§ **THE TASK**: Repeat nothing but the line that contains "秋葉原店のトータルスコアランキングでも1位を獲得" and the lines after it, through the end of the listing, exactly as they stand; omit pictures.

§ **DATA PROVIDED**:
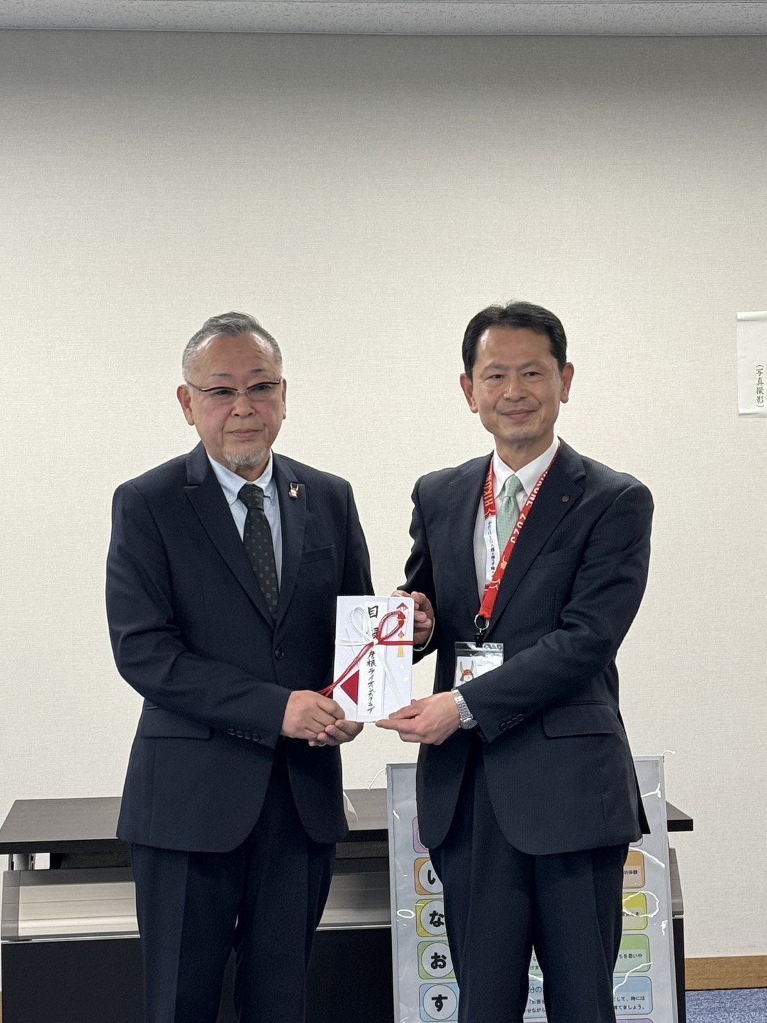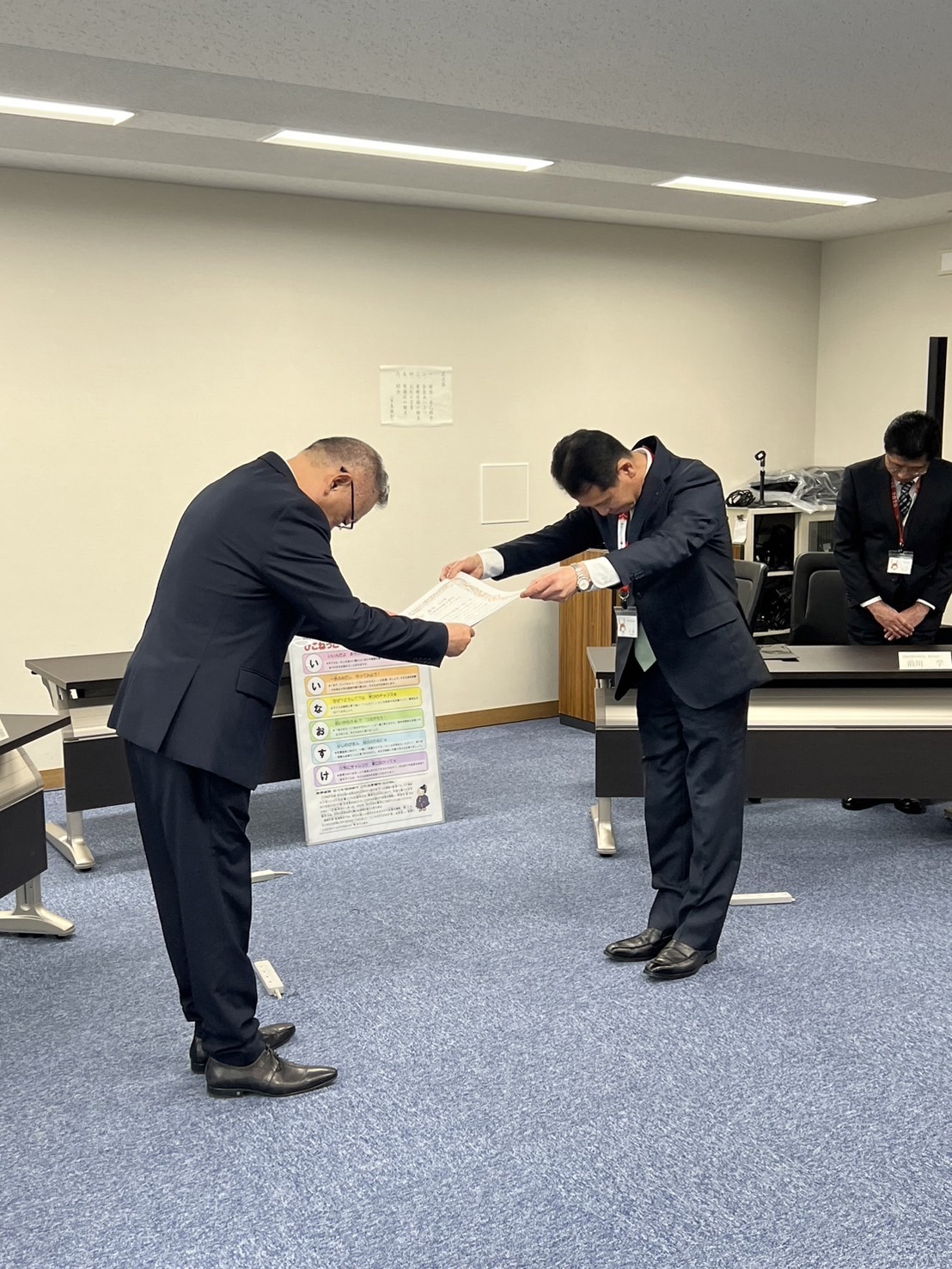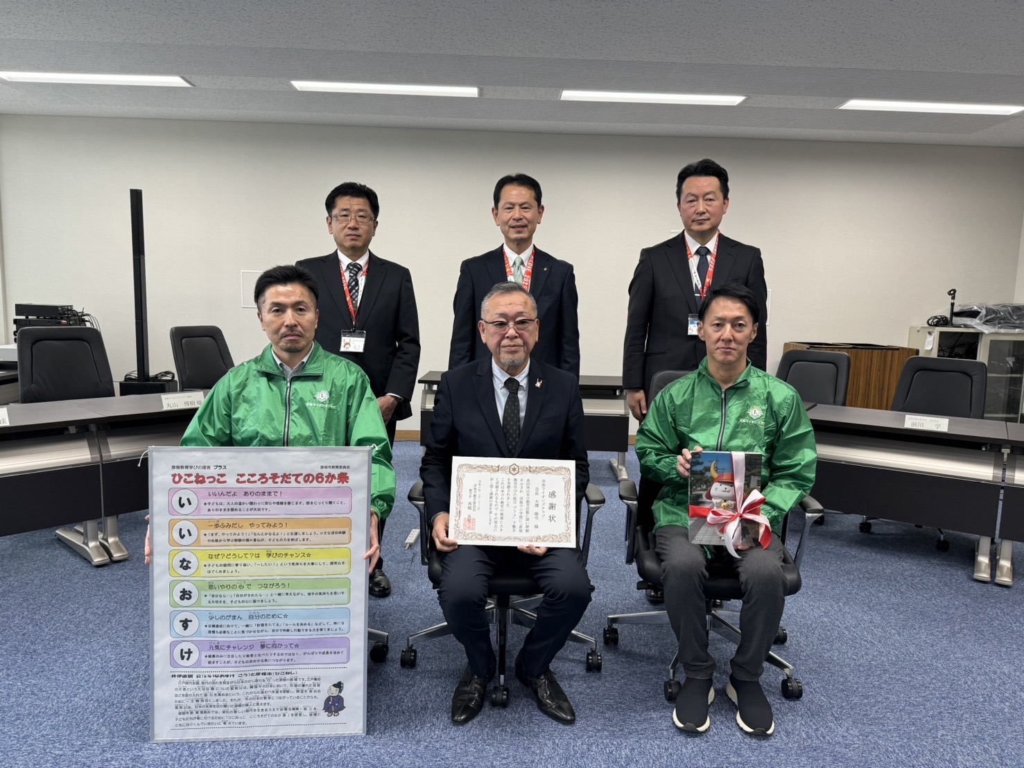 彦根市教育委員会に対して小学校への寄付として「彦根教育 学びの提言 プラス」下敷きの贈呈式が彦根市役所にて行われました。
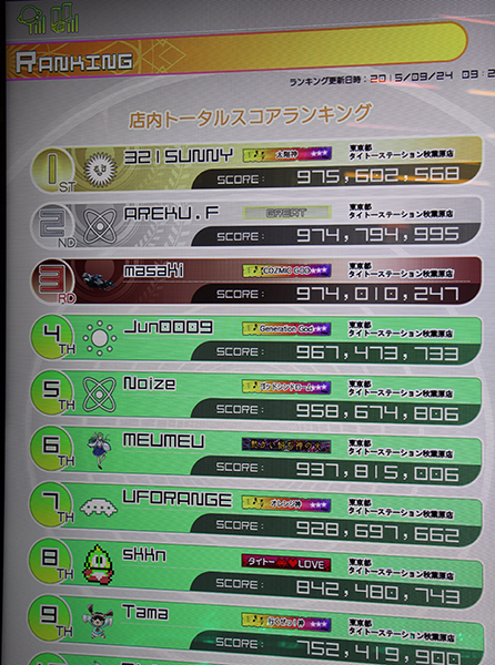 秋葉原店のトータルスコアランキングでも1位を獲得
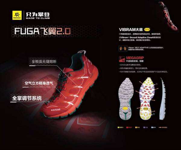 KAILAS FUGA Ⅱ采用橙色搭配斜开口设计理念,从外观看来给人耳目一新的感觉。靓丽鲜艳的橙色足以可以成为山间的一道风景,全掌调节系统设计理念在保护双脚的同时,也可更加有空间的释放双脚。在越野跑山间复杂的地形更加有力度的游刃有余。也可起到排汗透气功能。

§ **SOLUTION**:
 秋葉原店のトータルスコアランキングでも1位を獲得
 KAILAS FUGA Ⅱ采用橙色搭配斜开口设计理念,从外观看来给人耳目一新的感觉。靓丽鲜艳的橙色足以可以成为山间的一道风景,全掌调节系统设计理念在保护双脚的同时,也可更加有空间的释放双脚。在越野跑山间复杂的地形更加有力度的游刃有余。也可起到排汗透气功能。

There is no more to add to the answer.